We can be even more efficient by using a std::array if we convert characters to unsigned char for the indexing - then there's no insertion of elements required. The flip side is that we check all possible characters, even those that never appear in the string; I'm guessing that's a small cost compared to allocating memory.


One improvement I'd recommend is to note that counts can't be negative:

std::unordered_map<char, unsigned int> letter_count;

(That also deals nicely with overflow, which is defined for unsigned types, and consistent with what we need).


Alternatively, you might simply toggle the value using XOR, rather than counting:

for (char c: s) {
  letter_count[c] ^= 1;
}

Then we only have to compare equality when looking for odd counts.
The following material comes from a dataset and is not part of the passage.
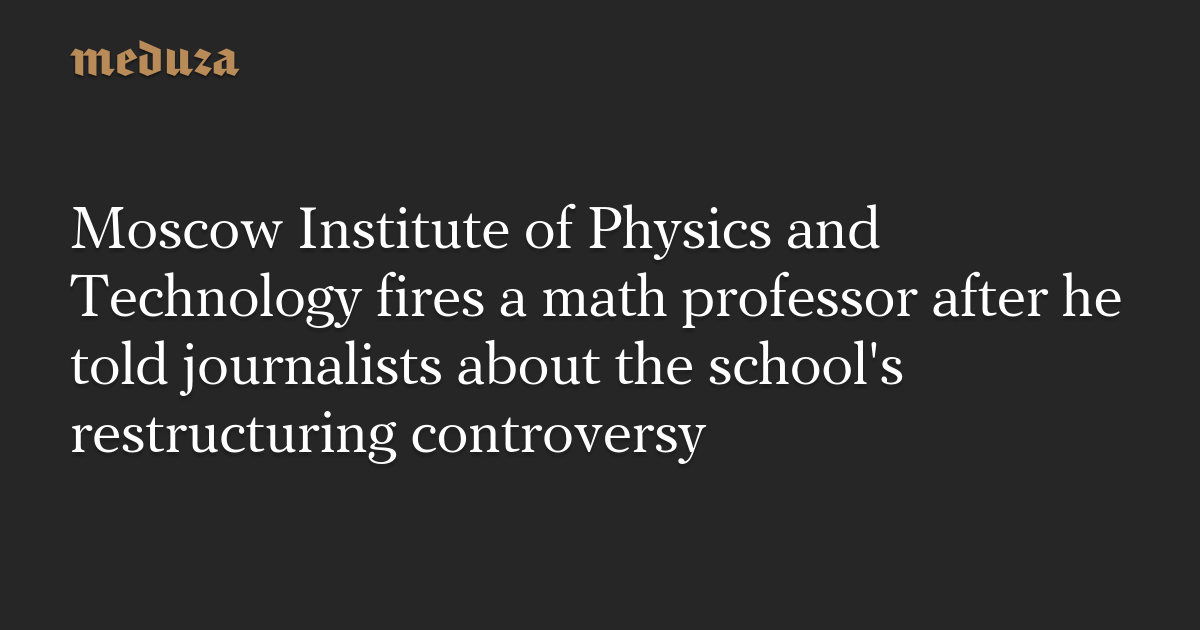 Moscow Institute of Physics and Technology fires a math professor after he told journalists about the school’s restructuring controversy

Using only one bit per possible character would allow us to use std::bitset as an alternative to std::array. That trades some speed for lower storage requirement.
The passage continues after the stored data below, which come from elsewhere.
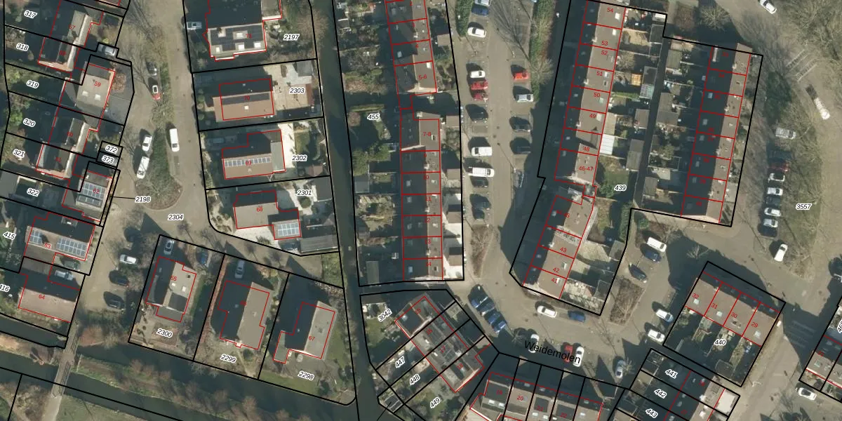 Het perceel waarop Weidemolen 11 staat heeft een oppervlakte van 1900 m². Dit is een zeer groot perceel. De perceeloppervlakte wordt geregistreerd door het Kadaster. Gedetailleerde informatie over de maten van dit perceel kunt u vinden in het rapport Kadastrale kaart met maatvoering van Weidemolen 11.
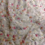 Pearl Ivory & Pastel Garden Embroidered Net Fabric
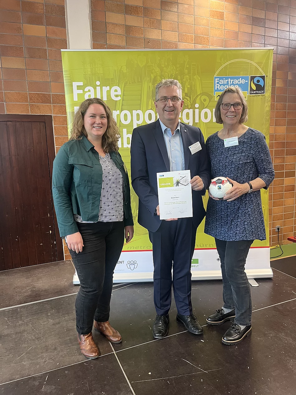 Die Stadt Stein ist dem „Pakt zur nachhaltigen Beschaffung in den Kommunen der Europäischen Metropolregion Nürnberg“ beigetreten. Dieser Pakt, der am 19. Juli 2019 in der Ratssitzung der Metropolregion Nürnberg beschlossen wurde, soll die Bedeutung des Fairen Handels und der nachhaltigen Beschaffung sowie das Engagement der Fairtrade-Region unterstreichen.
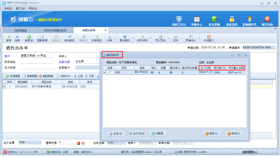 銷售時選擇批號可查看到相應(yīng)的有效期信息 在當(dāng)今快速變化的商業(yè)環(huán)境中,庫存管理的精準(zhǔn)性與效率直接關(guān)系到企業(yè)的運營成本、產(chǎn)品質(zhì)量控制及客戶滿意度。特別是對于涉及食品、藥品、化妝品等需要嚴(yán)格追蹤產(chǎn)品生命周期的行業(yè)而言,批號管理更是不可或缺的一環(huán)。信管飛RMS軟件,作為一款集先進管理理念與技術(shù)創(chuàng)新于一體的企業(yè)管理軟件,憑借其強大的批號管理功能,特別是支持輸入

A slight improvement - we know the original string's length - if it's even, then there should be no odd counts at all, so we can exit the checking loop earlier.

#include <string>
#include <unordered_map>

bool CanFormPalindrome(const std::string& s) {
    std::unordered_map<char, bool> letter_count;
    for (char c: s) {
      letter_count[c] ^= 1;
    }

    int odd_letter_count = s.length() % 1;
    for (const auto& letter: letter_count) {
        if ((odd_letter_count -= letter.second) < 0) {
            return false;
      }
    }

    return true;
}

Here's a version using std::array, and a standard algorithm instead of a loop:

#include <string>
#include <array>
#include <algorithm>
#include <climits>

bool CanFormPalindrome(const std::string& s) {
    std::array<bool, UCHAR_MAX> letter_count = {};
    for (unsigned char c: s) {
        letter_count[c] ^= 1;
    }

    int odd = s.length() % 2;
    return std::none_of(letter_count.begin(), letter_count.end(),
                        [&odd](auto x) { return (odd -= x) < 0; });
}

The std::none_of() function returns early in the same way as the loop above. Also (though unlikely to be helpful here), from C++17 onwards it has an option to parallelize its execution.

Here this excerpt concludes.